→ WHAT NEEDS TO BE DONE: Quote the lines of the data below verbatim, beginning at the line that contains "Red Rhipsalis. Arched" and ending at the last line, both included, and excluding pictures.

→ SOURCE MATERIAL:
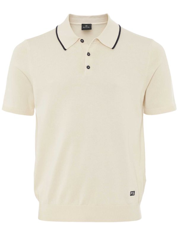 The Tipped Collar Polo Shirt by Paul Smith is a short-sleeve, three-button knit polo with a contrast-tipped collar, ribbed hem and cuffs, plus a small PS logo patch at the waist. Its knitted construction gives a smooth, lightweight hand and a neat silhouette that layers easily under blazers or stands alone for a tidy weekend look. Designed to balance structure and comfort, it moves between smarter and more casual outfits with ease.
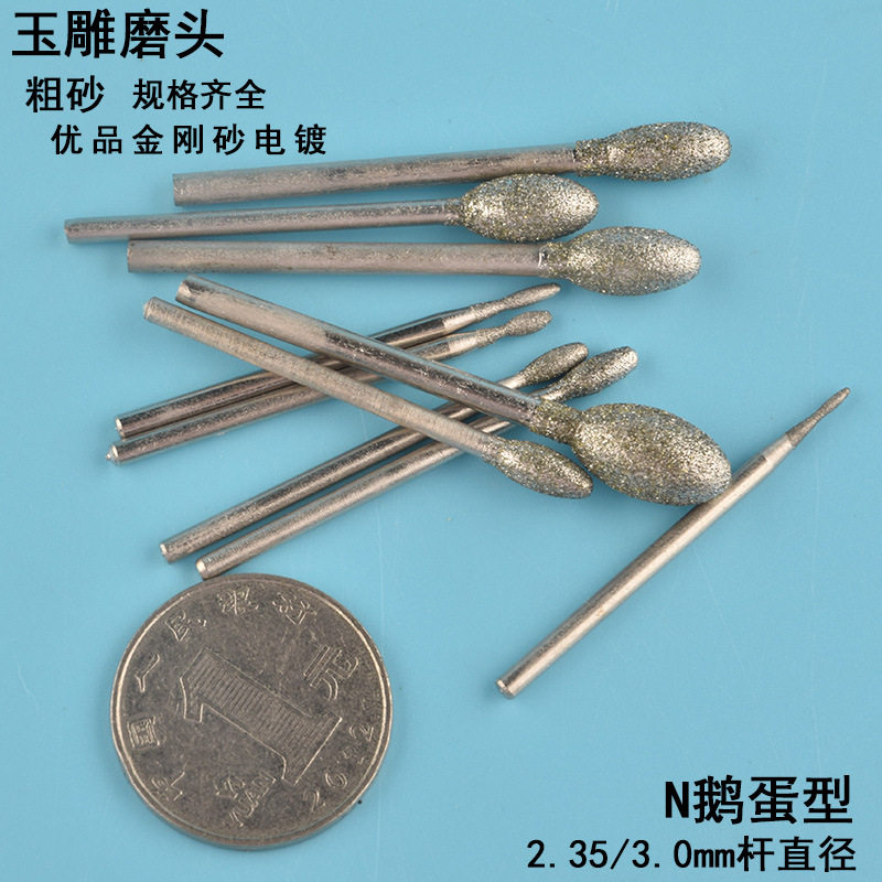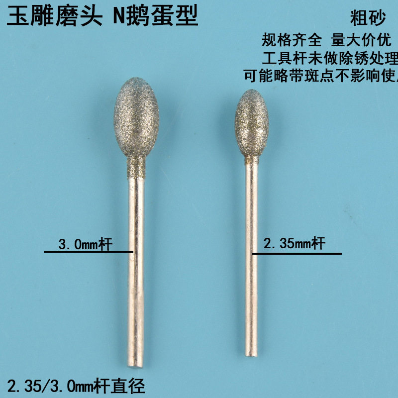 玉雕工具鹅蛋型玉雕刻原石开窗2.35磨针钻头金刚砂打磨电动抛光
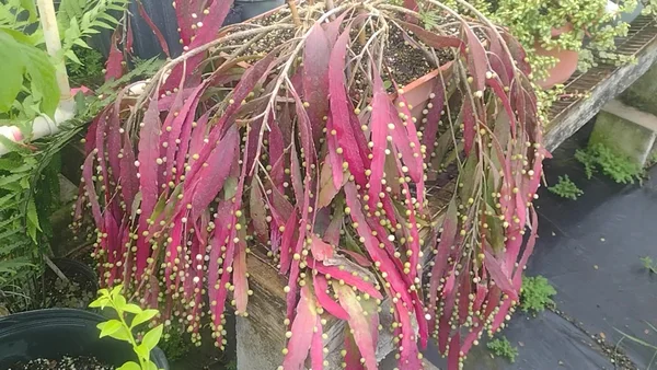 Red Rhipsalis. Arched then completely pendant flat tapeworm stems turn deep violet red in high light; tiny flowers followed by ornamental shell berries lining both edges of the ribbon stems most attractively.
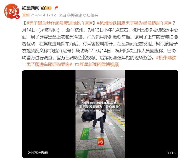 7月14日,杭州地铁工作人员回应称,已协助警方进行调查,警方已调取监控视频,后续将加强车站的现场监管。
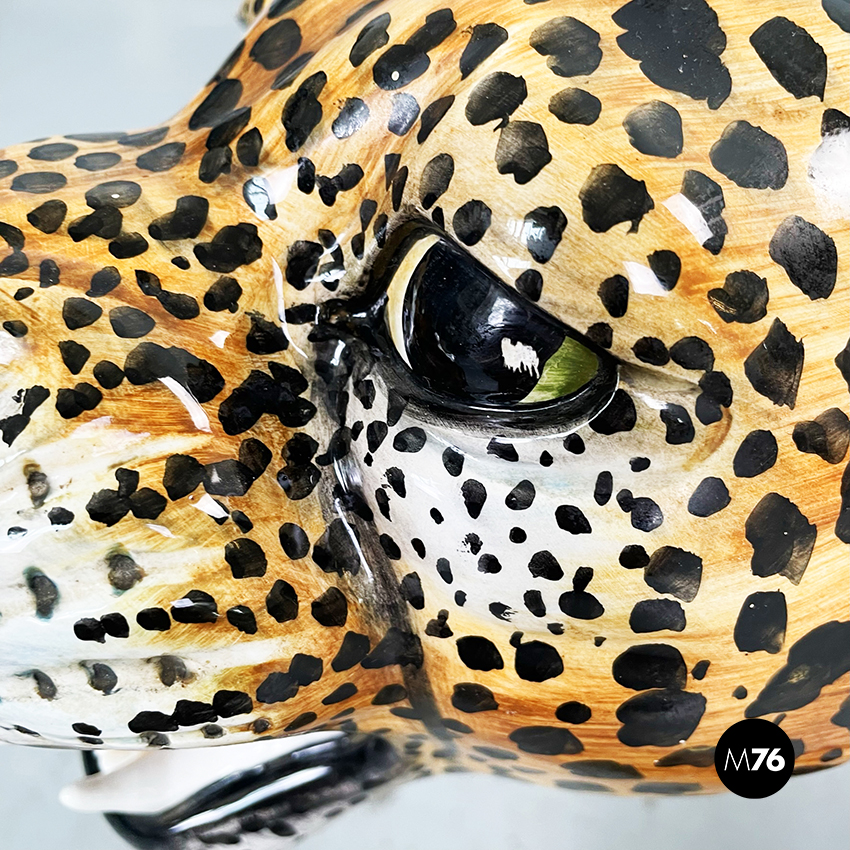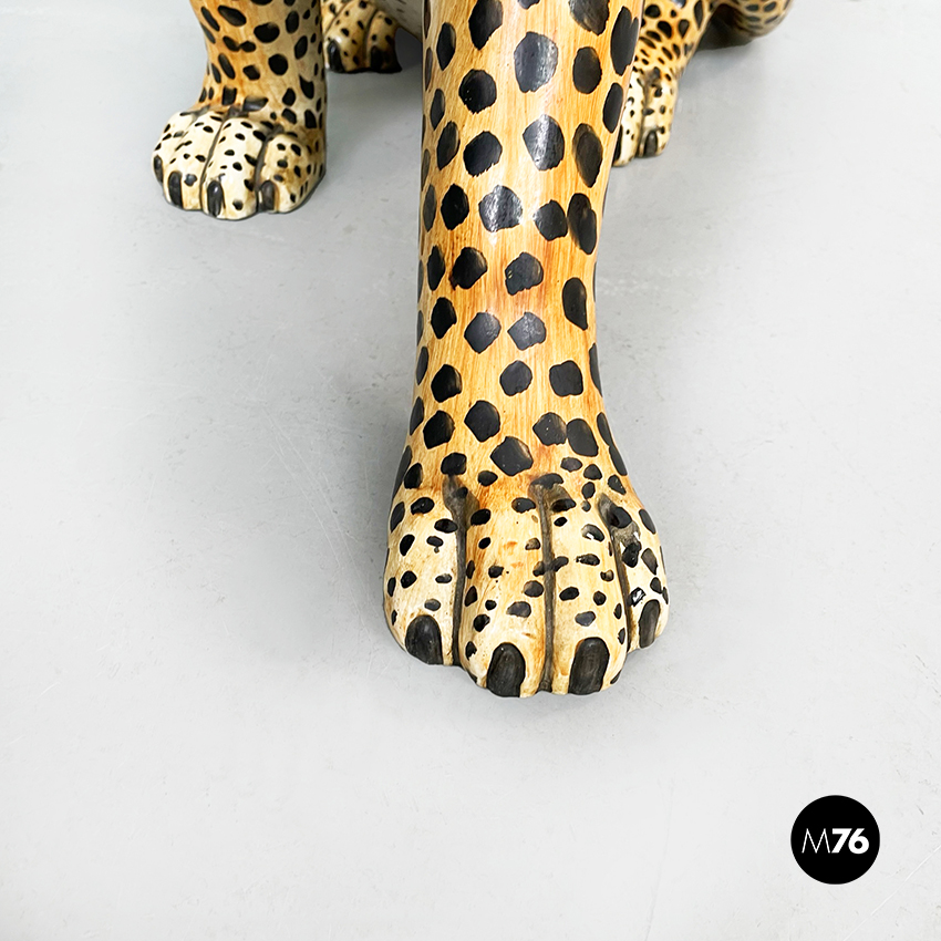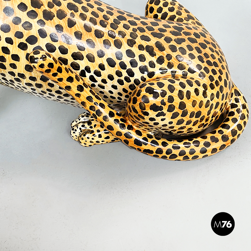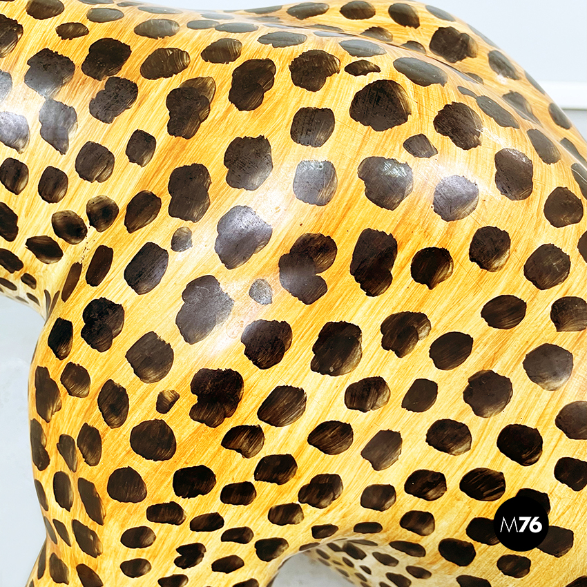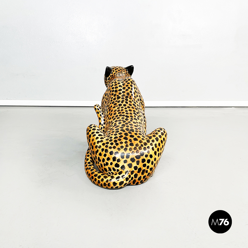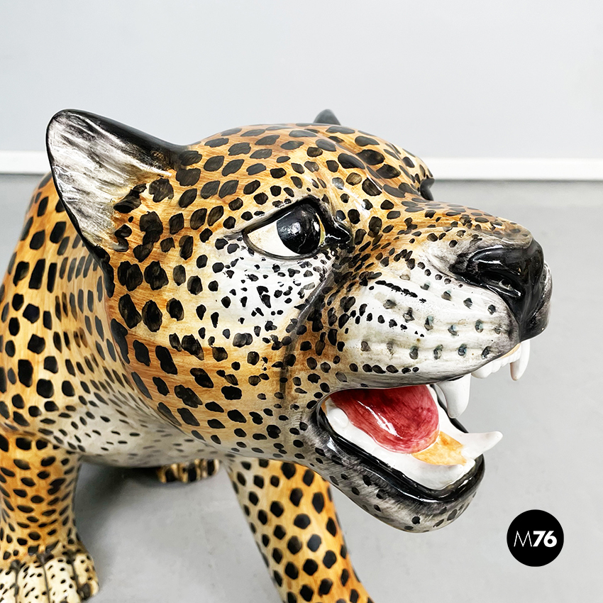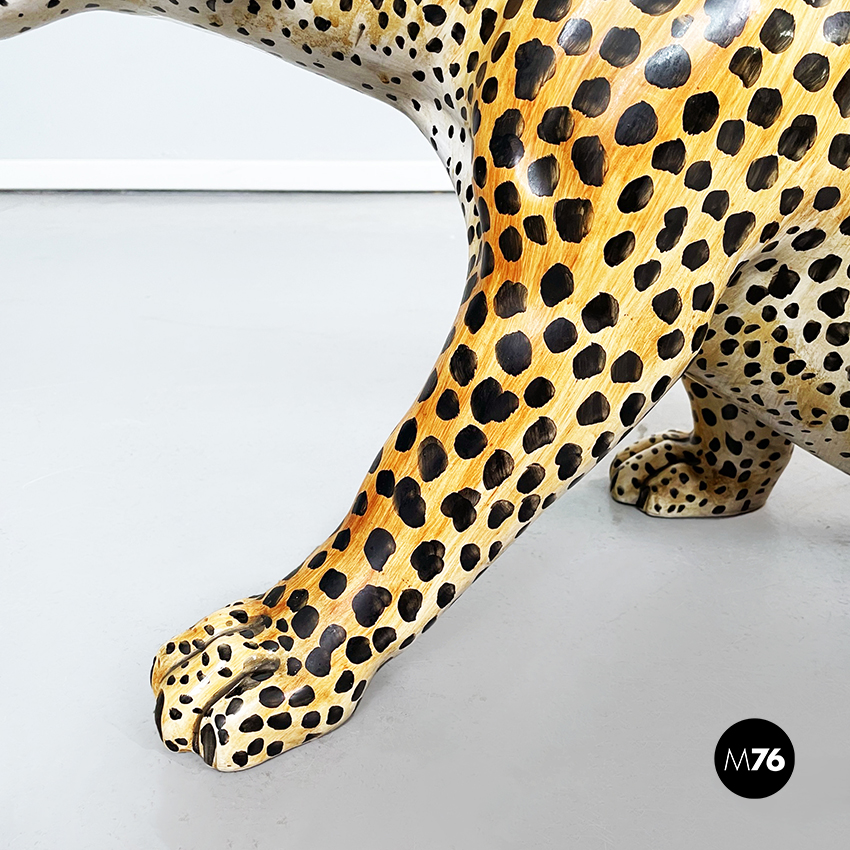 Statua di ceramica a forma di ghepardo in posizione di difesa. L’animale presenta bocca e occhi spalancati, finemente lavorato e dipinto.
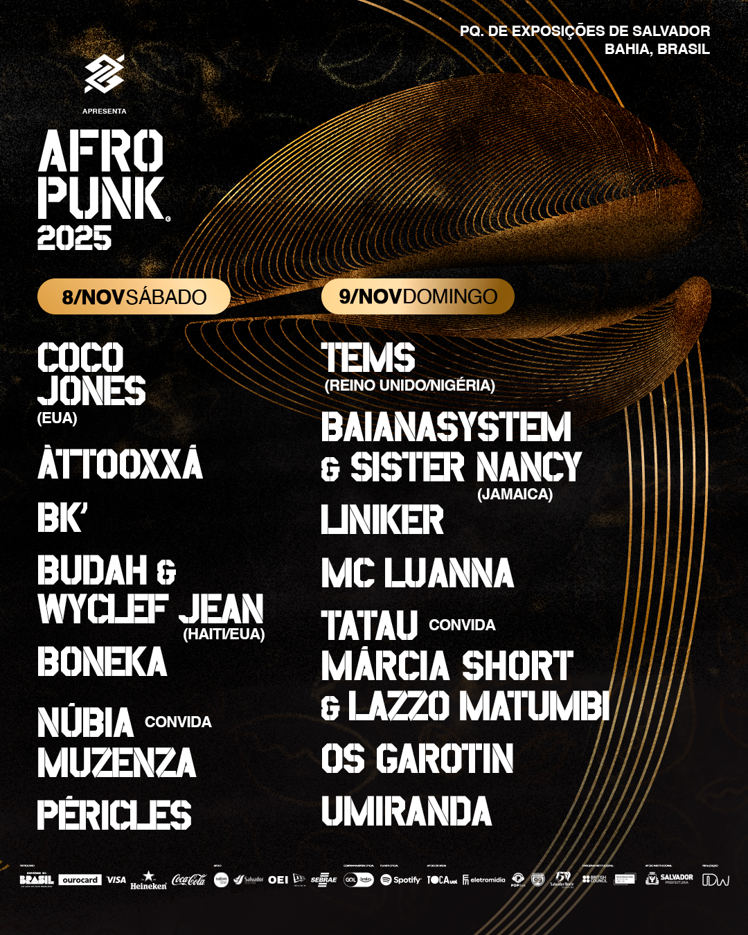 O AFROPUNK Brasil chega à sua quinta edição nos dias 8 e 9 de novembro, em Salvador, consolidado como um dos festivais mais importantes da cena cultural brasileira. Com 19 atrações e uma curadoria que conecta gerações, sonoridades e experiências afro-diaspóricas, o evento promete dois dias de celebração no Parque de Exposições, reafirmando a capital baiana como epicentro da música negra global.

→ COMPLETED TASK:
 Red Rhipsalis. Arched then completely pendant flat tapeworm stems turn deep violet red in high light; tiny flowers followed by ornamental shell berries lining both edges of the ribbon stems most attractively.
 7月14日,杭州地铁工作人员回应称,已协助警方进行调查,警方已调取监控视频,后续将加强车站的现场监管。
 Statua di ceramica a forma di ghepardo in posizione di difesa. L’animale presenta bocca e occhi spalancati, finemente lavorato e dipinto.
 O AFROPUNK Brasil chega à sua quinta edição nos dias 8 e 9 de novembro, em Salvador, consolidado como um dos festivais mais importantes da cena cultural brasileira. Com 19 atrações e uma curadoria que conecta gerações, sonoridades e experiências afro-diaspóricas, o evento promete dois dias de celebração no Parque de Exposições, reafirmando a capital baiana como epicentro da música negra global.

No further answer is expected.